- The ECJ rules that the name, signature and contact details of representatives of legal entities are personal data and their disclosure constitutes processing under the GDPR.
- The GDPR (Art. 6 para. 1 lit. c and e) permits official acts of disclosure, Art. 86 GDPR permits national rules on the coordination of the right of publicity and data protection.
- Member States may inform and consult interested parties before disclosure, provided that this is practicable and does not cause disproportionate effort or restriction of access.
In Case C‑710/23 the ECJ had to rule on the question of whether information on the representatives of legal persons in the disclosure of official documents is subject to the protection of the GDPR under national freedom of information law (right of public access). Specifically, the case concerned a Access request to the Ministry of Health for information on persons who had signed contracts concluded by the Ministry for the purchase of Covid-19 tests and certificates for these tests. The Ministry had redacted the details of these signatories before disclosing the contracts.
Definition of the processing of personal data
Unsurprisingly, the ECJ initially clarifies that Name, signature or contact details of a natural person are “personal data” even if they are only disclosed to document the power of representation, and the disclosure of these data as part of an information access procedure is a “processing”. The GDPR therefore applies to this disclosure:
31 In the light of the foregoing, the answer to the first question is that Article 4(1) and (2) GDPR must be interpreted as meaning that the disclosure of the first name, surname, signature and contact details of a natural person representing a legal person constitutes processing of personal data. The fact that the disclosure is made for the sole purpose of enabling the identification of the natural person authorized to act on behalf of the legal person is irrelevant in this respect.

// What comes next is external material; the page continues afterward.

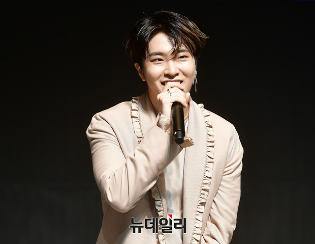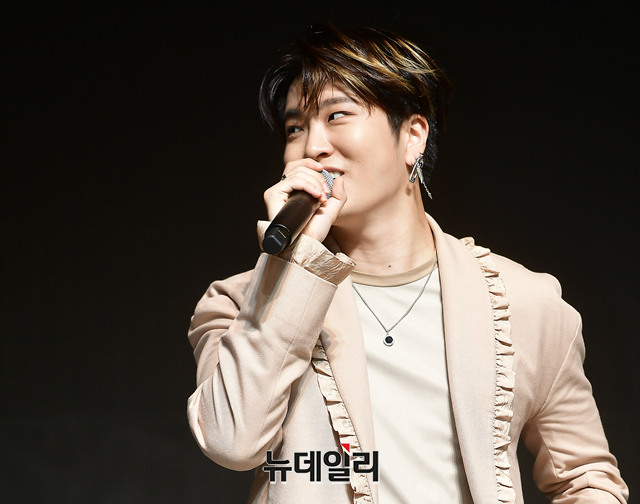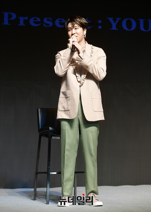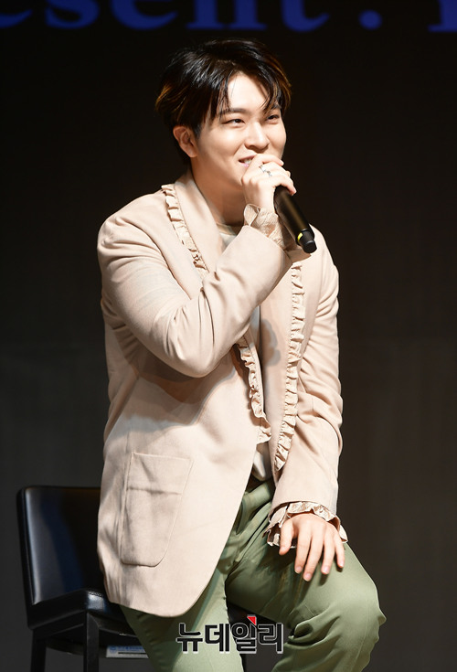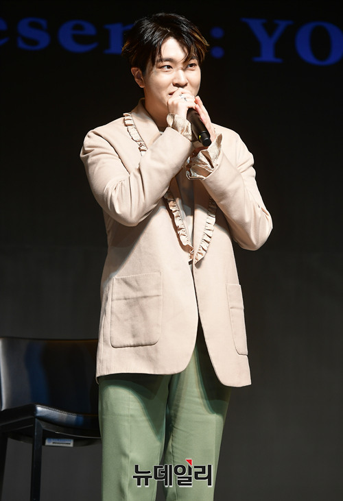 아이돌그룹 'GOT7(갓세븐)' 영재가 17일 오후 서울 서초구 JW메리어트호텔서울에서 정규 3집 앨범 'Present : YOU(프리젠트 유)' 제작발표회에서 수록곡을 소개하고 있다.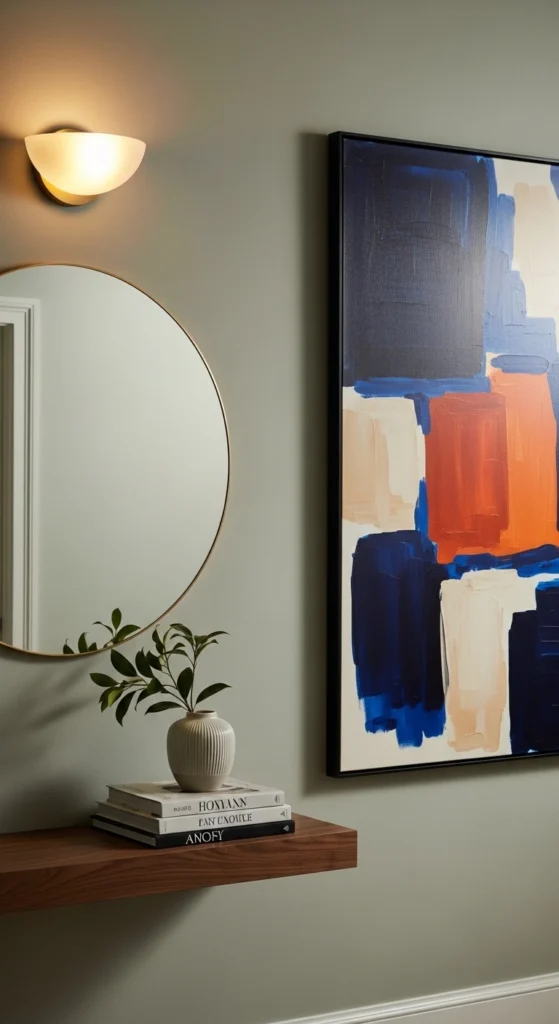 Entryways set the tone. One strong piece works better than many small ones.

Relationship to the right of publicity
In addition, Member States may provide that data subjects must be informed and, if necessary, consulted before their data is disclosed in official documentseven beyond the GDPR (the GDPR itself would probably permit this disclosure here, on the basis of Art. 6 (1) (c) and (e)). This authorization is based on Art. 86 GDPR:
Personal data contained in official documents held by a public authority or body or by a private body for the performance of a task carried out in the public interest may be disclosed by the public authority or body in accordance with Union law or the law of the Member State to which the public authority or body is subject in order to reconcile public access to official documents with the right to the protection of personal data under this Regulation.
This concerned the case law of the Czech Supreme Administrative Court, according to which authorities must notify the persons concerned and obtain their opinion before disclosing personal data as part of an information access procedure. Such regulations must not, however, make disclosure impossible.where the GDPR permits it, e.g. if consultation would not be feasible by reasonable means:
48 In the light of the foregoing, the answer to the second question is that Article 6(1)(c) and (e) of the GDPR, read in conjunction with Article 86 thereof, must be interpreted as not precluding national legislation which prohibits a controller which is a public authority from exercising the right of public access to data. c and e GDPR, read in conjunction with Article 86 thereof, must be interpreted as not precluding national case-law which requires a controller, which is a public authority required to reconcile the public’s right of access to official documents and the right to the protection of personal data, to inform and consult the natural person concerned before disclosing official documents containing such data, insofar as such an obligation is not impossible to fulfill is or a disproportionate effort and therefore does not lead to a disproportionate restriction of the public’s right of access leads to these documents.
This second part of the ruling is surprising insofar as the GDPR does not regulate the principle of public access and does not provide a right of access to official documents, but at most restricts this access to a greater or lesser extent. In this respect, national regulations that restrict or even exclude access to a greater extent for data protection reasons cannot actually violate the GDPR.